Start of DATA RECORDS
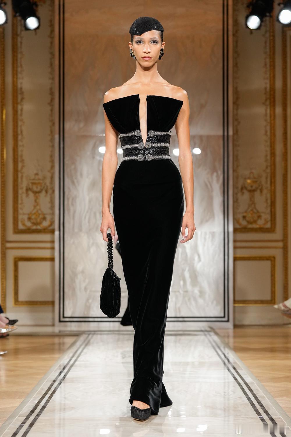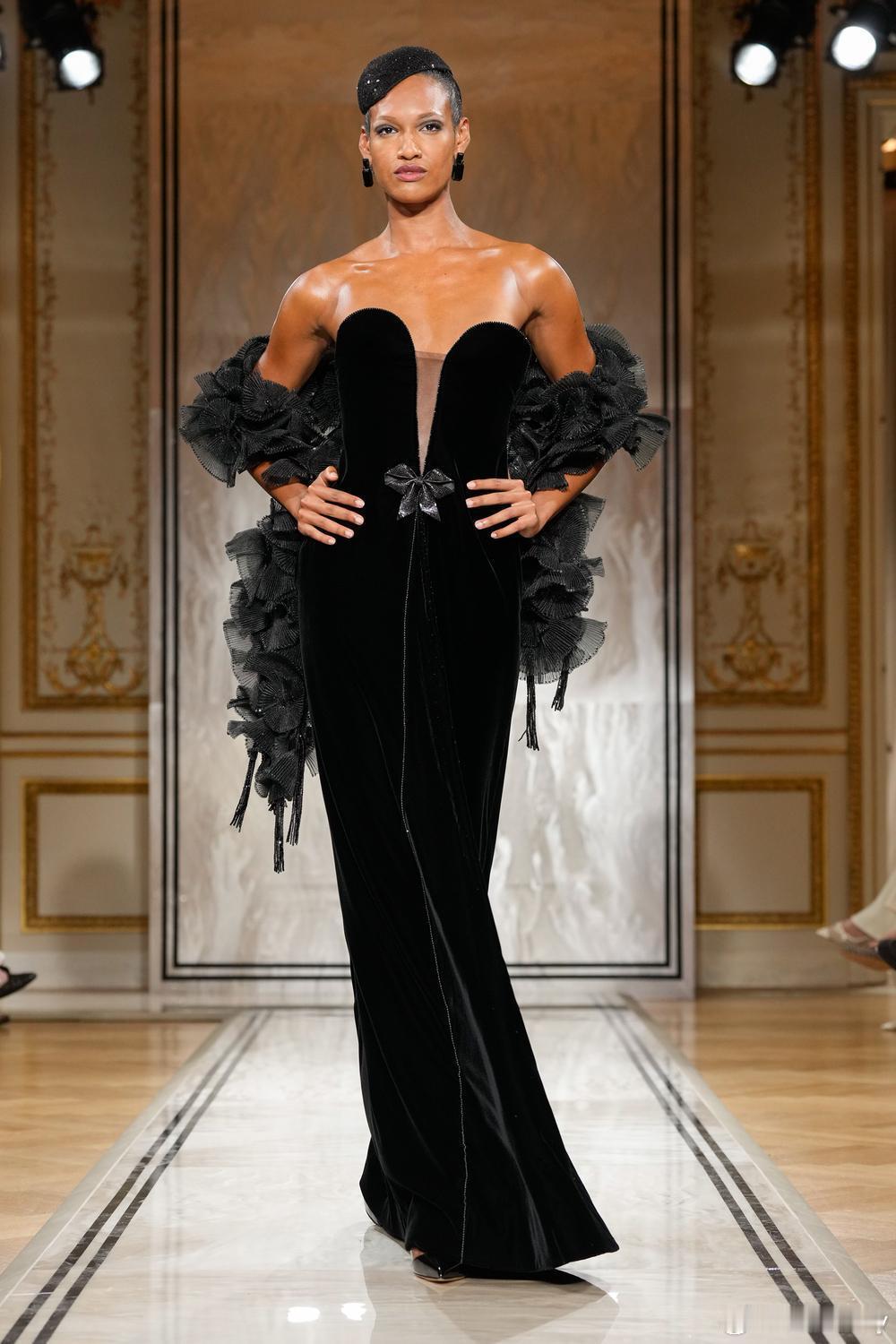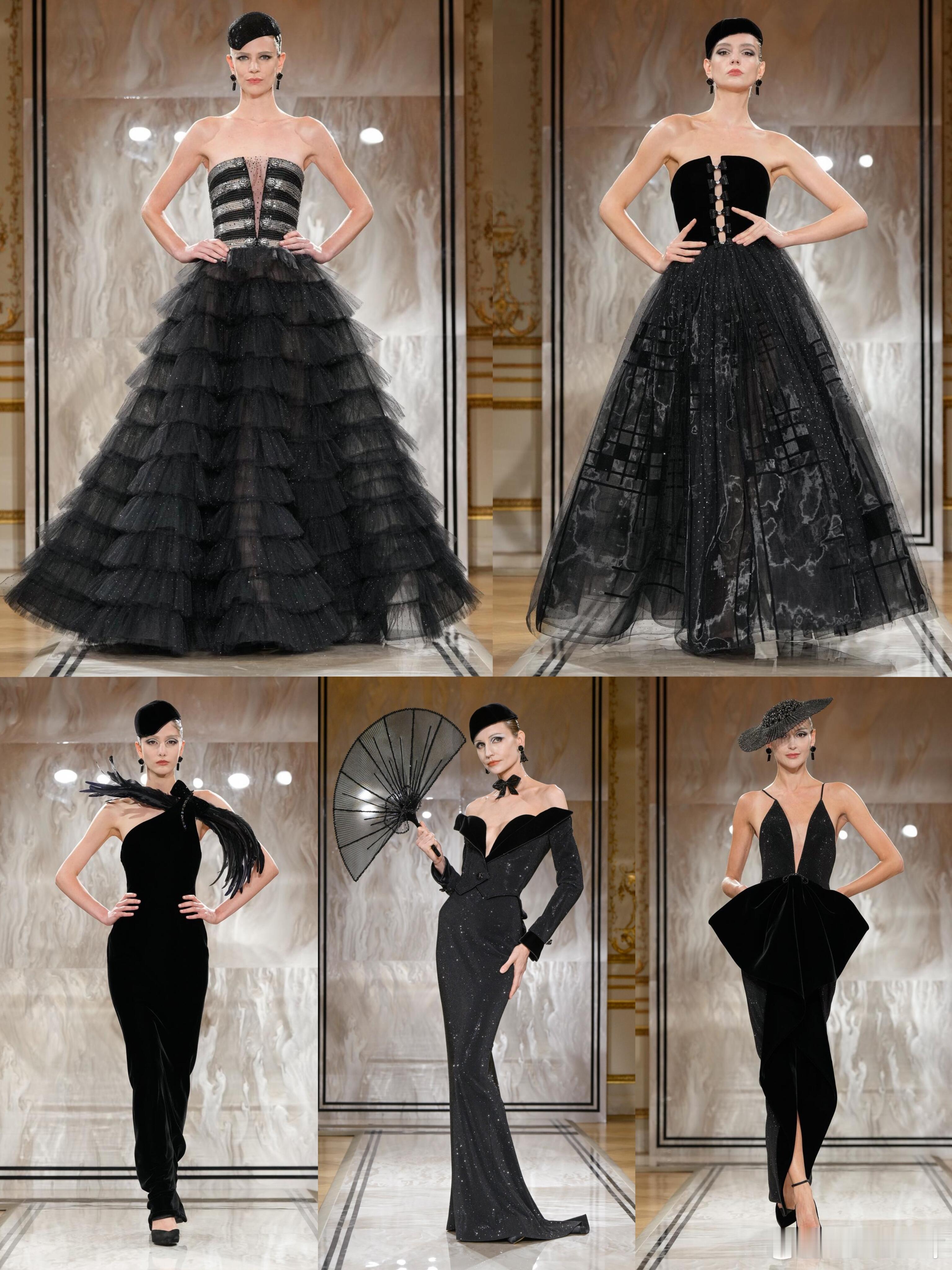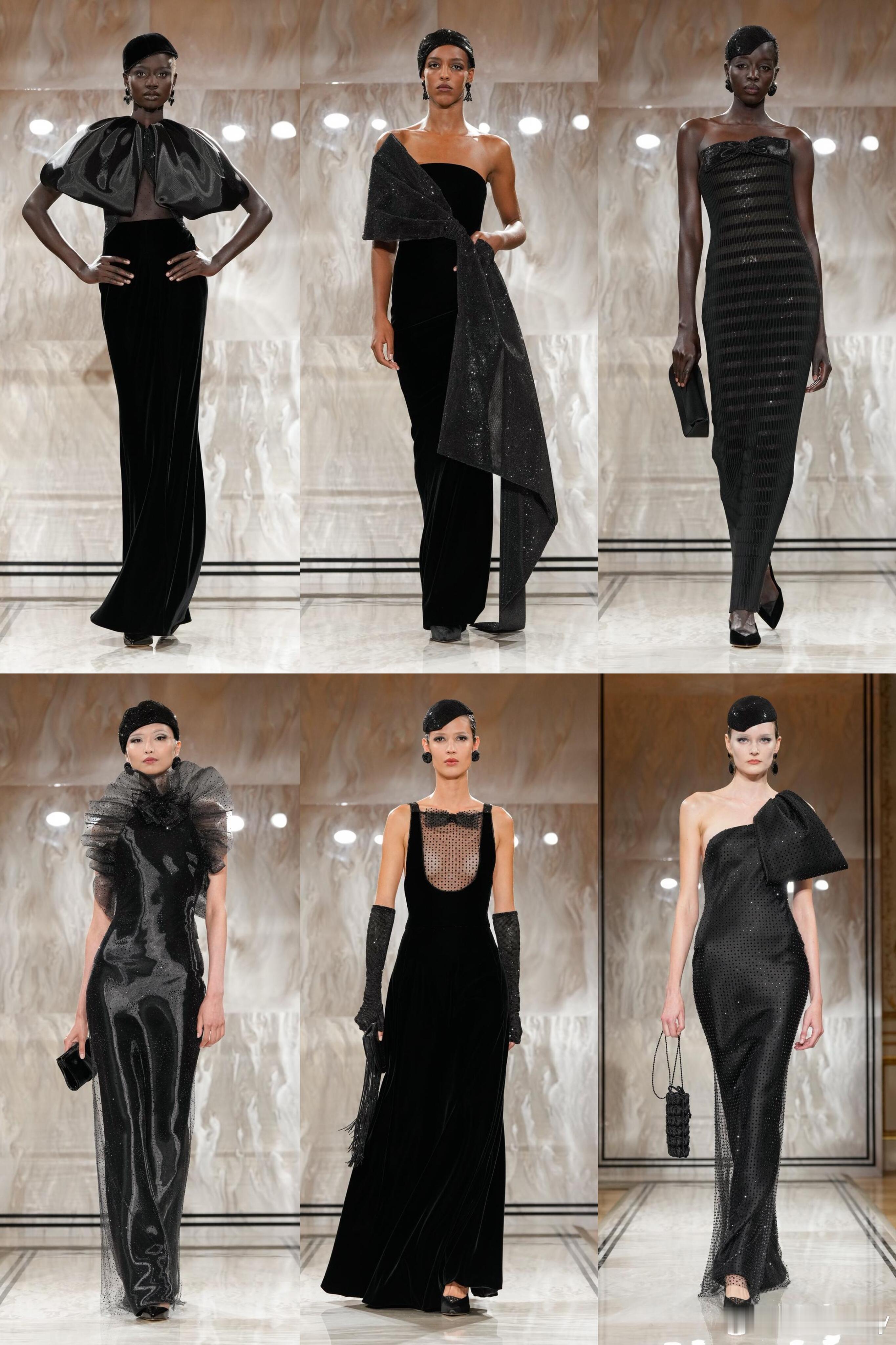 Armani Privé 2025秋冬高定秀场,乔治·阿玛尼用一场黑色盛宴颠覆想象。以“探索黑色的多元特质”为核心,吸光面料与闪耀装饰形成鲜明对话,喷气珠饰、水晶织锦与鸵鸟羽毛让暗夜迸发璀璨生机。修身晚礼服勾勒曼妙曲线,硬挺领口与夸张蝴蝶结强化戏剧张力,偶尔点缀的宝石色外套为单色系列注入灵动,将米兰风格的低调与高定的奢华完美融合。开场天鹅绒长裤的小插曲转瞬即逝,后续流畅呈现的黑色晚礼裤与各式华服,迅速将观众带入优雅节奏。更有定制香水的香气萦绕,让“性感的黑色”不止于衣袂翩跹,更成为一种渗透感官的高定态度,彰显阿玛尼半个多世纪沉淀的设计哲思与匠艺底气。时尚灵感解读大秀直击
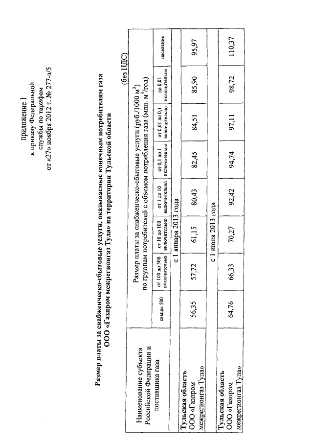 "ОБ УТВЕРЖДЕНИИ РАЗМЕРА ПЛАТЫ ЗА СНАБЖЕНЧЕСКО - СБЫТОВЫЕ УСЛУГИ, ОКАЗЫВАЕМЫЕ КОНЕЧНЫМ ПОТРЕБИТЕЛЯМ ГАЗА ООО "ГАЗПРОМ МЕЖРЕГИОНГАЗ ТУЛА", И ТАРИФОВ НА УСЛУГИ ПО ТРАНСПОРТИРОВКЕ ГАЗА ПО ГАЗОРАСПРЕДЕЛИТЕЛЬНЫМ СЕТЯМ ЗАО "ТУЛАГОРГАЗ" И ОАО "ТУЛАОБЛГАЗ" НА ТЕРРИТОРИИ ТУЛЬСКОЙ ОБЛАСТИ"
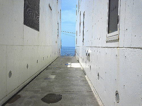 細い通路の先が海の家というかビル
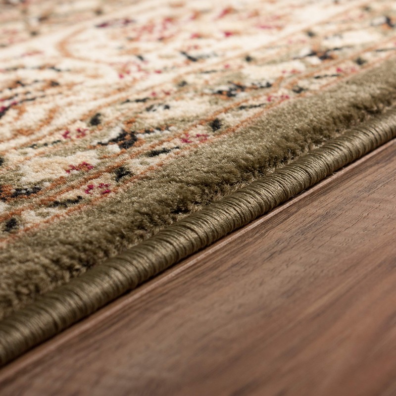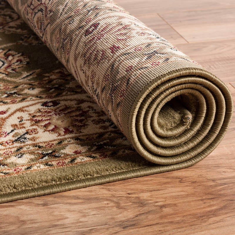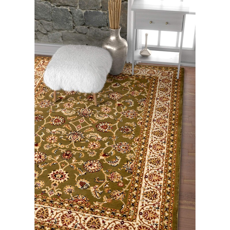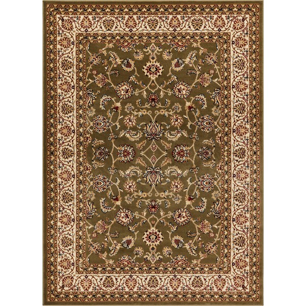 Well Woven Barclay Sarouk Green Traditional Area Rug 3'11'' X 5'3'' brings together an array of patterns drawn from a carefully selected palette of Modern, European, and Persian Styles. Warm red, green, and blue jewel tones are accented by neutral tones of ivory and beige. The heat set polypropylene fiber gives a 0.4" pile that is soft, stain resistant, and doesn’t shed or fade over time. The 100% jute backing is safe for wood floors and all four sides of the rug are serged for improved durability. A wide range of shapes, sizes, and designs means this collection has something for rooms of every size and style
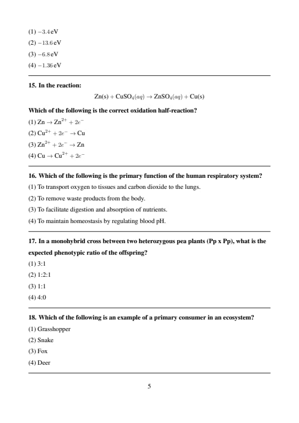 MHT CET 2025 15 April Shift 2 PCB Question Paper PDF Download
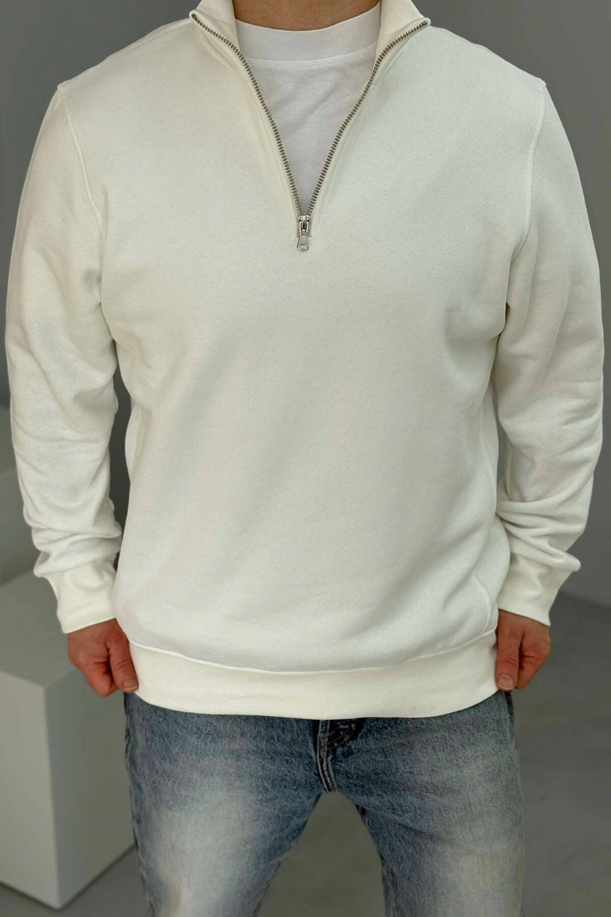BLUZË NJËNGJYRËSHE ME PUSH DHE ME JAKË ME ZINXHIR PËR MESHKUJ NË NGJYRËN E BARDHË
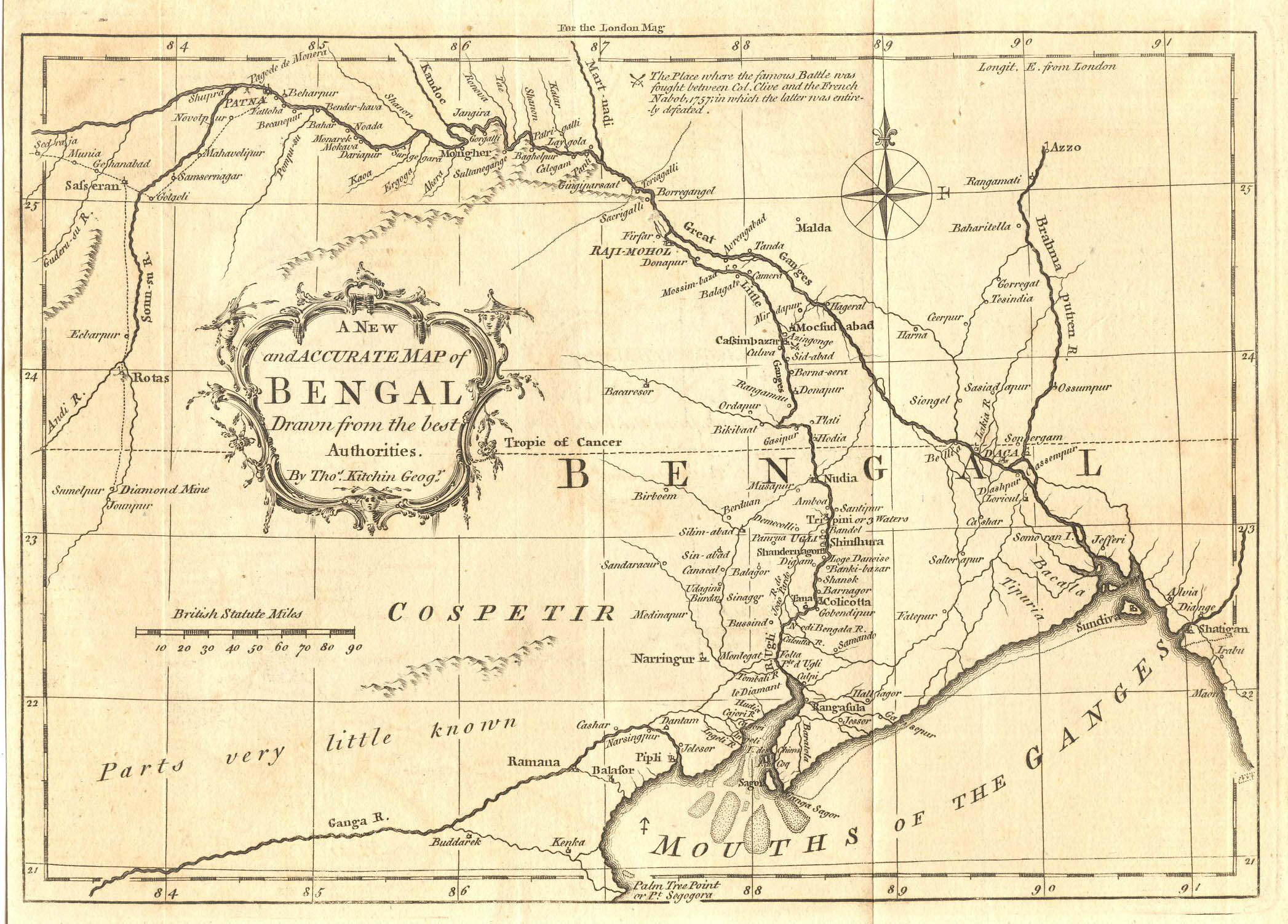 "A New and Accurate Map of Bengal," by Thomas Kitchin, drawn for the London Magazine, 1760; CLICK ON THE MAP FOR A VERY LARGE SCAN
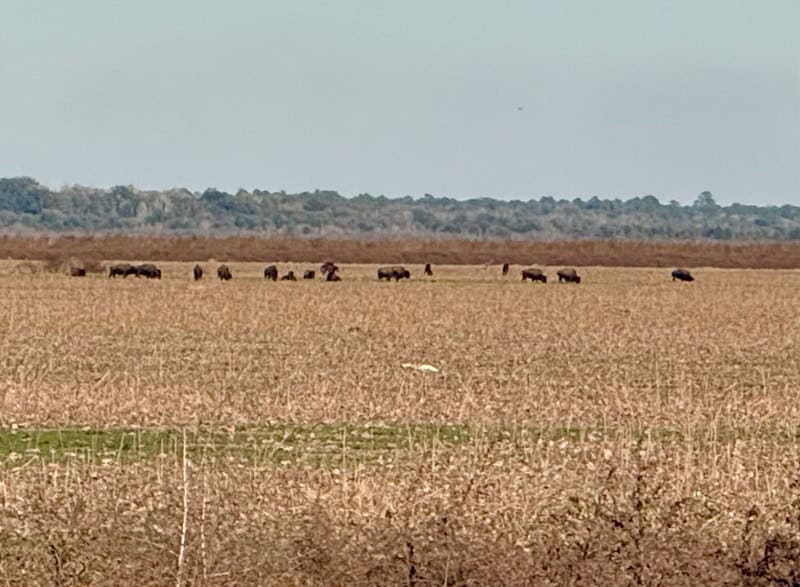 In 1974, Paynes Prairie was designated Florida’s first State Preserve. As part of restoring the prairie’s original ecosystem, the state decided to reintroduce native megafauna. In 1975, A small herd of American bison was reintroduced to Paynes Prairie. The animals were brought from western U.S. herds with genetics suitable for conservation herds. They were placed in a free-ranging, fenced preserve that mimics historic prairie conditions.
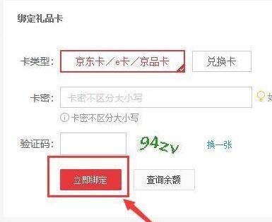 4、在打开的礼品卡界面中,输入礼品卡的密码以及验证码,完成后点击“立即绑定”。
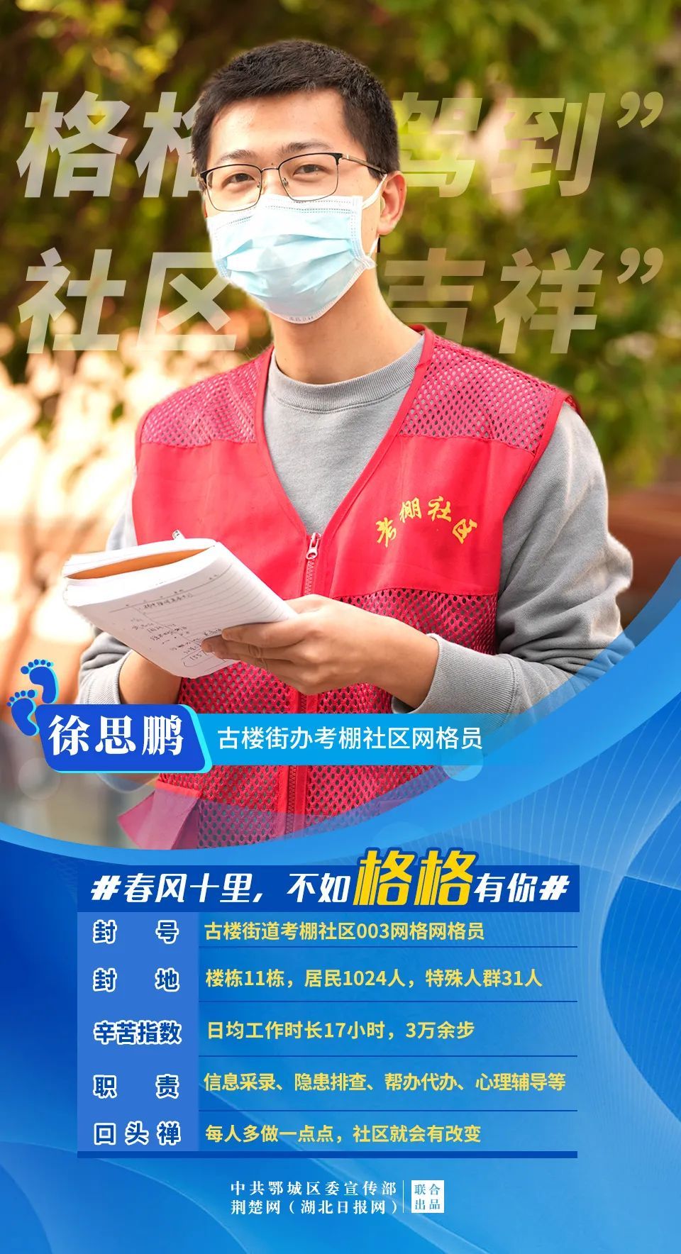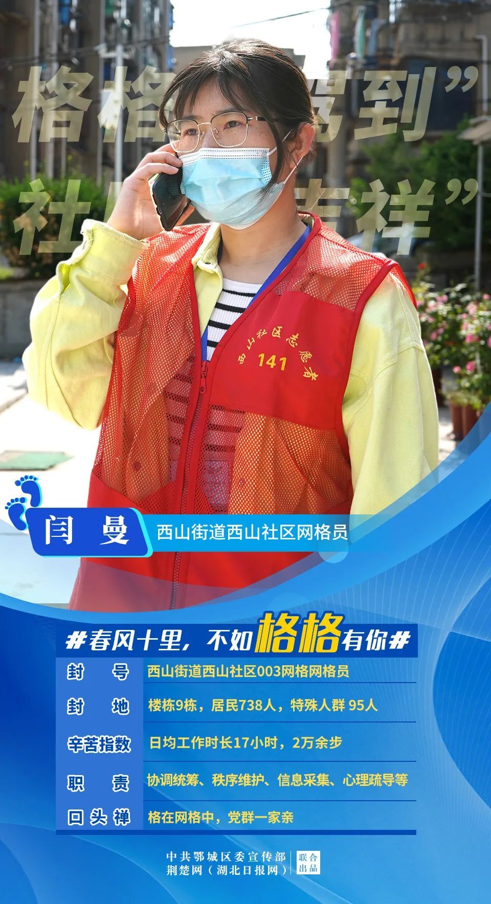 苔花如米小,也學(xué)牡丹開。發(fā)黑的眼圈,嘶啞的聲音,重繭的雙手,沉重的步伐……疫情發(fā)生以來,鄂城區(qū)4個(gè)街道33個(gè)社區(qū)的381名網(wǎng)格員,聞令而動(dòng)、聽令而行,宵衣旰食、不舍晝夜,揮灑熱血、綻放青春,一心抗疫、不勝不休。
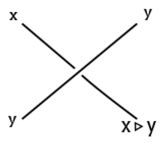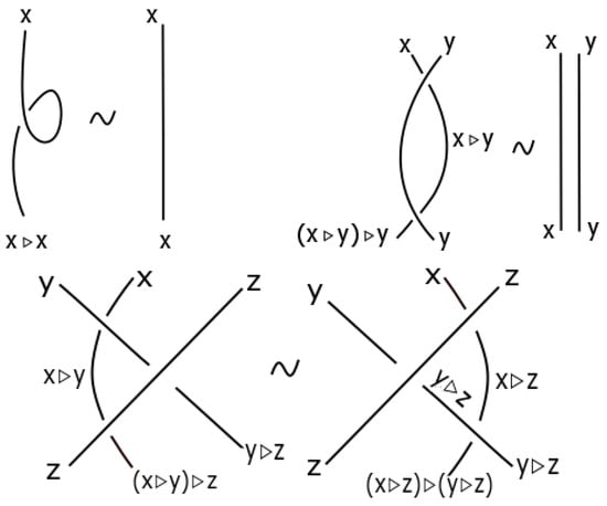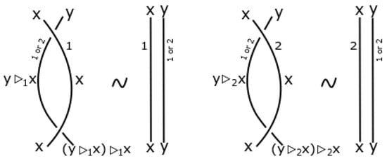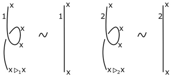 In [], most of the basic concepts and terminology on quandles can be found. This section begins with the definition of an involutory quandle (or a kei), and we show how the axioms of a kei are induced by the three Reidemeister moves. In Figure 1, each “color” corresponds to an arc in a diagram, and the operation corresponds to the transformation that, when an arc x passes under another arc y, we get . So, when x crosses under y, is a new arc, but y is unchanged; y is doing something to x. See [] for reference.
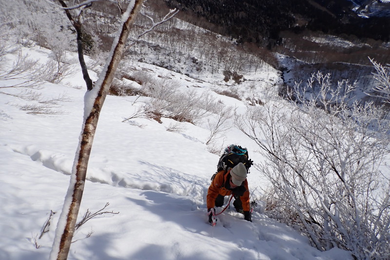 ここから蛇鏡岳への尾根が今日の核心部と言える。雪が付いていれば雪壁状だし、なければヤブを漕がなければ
End of DATA RECORDS
■ ACTION ITEM
What is needed is an exact transcription of the lines from the one holding "In 1974, Paynes" to the end of the data, with every picture left out.

■ PROBLEM SOLUTION
 In 1974, Paynes Prairie was designated Florida’s first State Preserve. As part of restoring the prairie’s original ecosystem, the state decided to reintroduce native megafauna. In 1975, A small herd of American bison was reintroduced to Paynes Prairie. The animals were brought from western U.S. herds with genetics suitable for conservation herds. They were placed in a free-ranging, fenced preserve that mimics historic prairie conditions.
 4、在打开的礼品卡界面中,输入礼品卡的密码以及验证码,完成后点击“立即绑定”。
 苔花如米小,也學(xué)牡丹開。發(fā)黑的眼圈,嘶啞的聲音,重繭的雙手,沉重的步伐……疫情發(fā)生以來,鄂城區(qū)4個(gè)街道33個(gè)社區(qū)的381名網(wǎng)格員,聞令而動(dòng)、聽令而行,宵衣旰食、不舍晝夜,揮灑熱血、綻放青春,一心抗疫、不勝不休。
 In [], most of the basic concepts and terminology on quandles can be found. This section begins with the definition of an involutory quandle (or a kei), and we show how the axioms of a kei are induced by the three Reidemeister moves. In Figure 1, each “color” corresponds to an arc in a diagram, and the operation corresponds to the transformation that, when an arc x passes under another arc y, we get . So, when x crosses under y, is a new arc, but y is unchanged; y is doing something to x. See [] for reference.
 ここから蛇鏡岳への尾根が今日の核心部と言える。雪が付いていれば雪壁状だし、なければヤブを漕がなければ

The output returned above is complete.